期刊名称:International Journal of Advanced Computer Science and Applications(IJACSA)
印刷版ISSN:2158-107X
电子版ISSN:2156-5570
出版年度:2020
卷号:11
期号:4
DOI:10.14569/IJACSA.2020.01104108
出版社:Science and Information Society (SAI)
摘要:Non-Orthogonal Multiple Access (NOMA) is the most prominent technology that enhances massive connectivity and spectral efficiency in 5G cellular communication. It provides services to the multi-users in time, frequency, and code domain with significant power level.

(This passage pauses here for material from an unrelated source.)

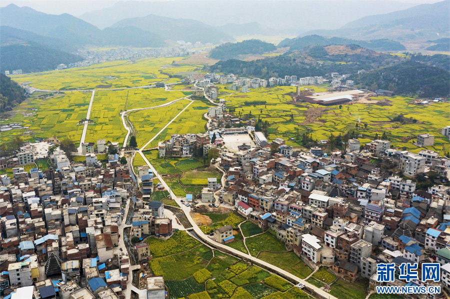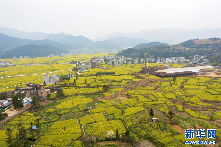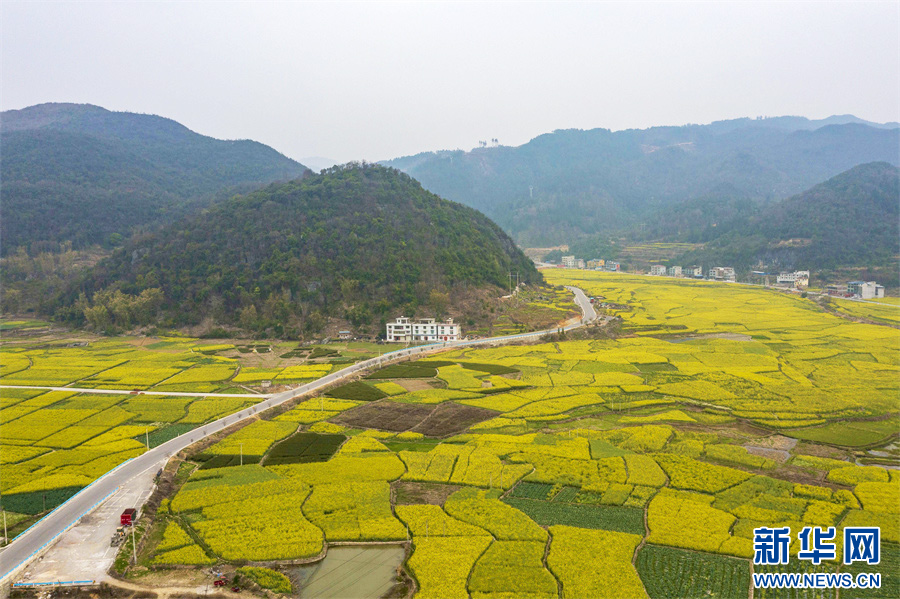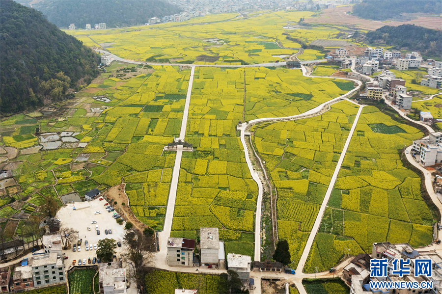 连日来,气温回升,贵州省黔东南苗族侗族自治州从江县油菜花竞相绽放,春意盎然,金黄的花海将乡村点缀得如诗似画。

Message Passing Algorithm (MPA) detection in a multi-user uplink grant-free system requires user activity information at the receiver that makes it impractical. To circumvent this problem, (MPA) is combined with Compressed Sensing (CS) based detection which not only detects the user activity but also the signal data. However, the Compressive Sampling Matching pursuit (CoSaMP) algorithm uses Zero Forcing (ZF) detector to estimate the signal but its performance degrades with increment in Signal to Noise Ratio (SNR). Therefore, Minimum Mean Square Error (MMSE) detector in CoSaMP algorithm is deployed in this paper that enhances detection accuracy and BER performance. The simulation results validate that the proposed algorithm attains better performance than MPA and conventional CoSaMP algorithm in high SNR.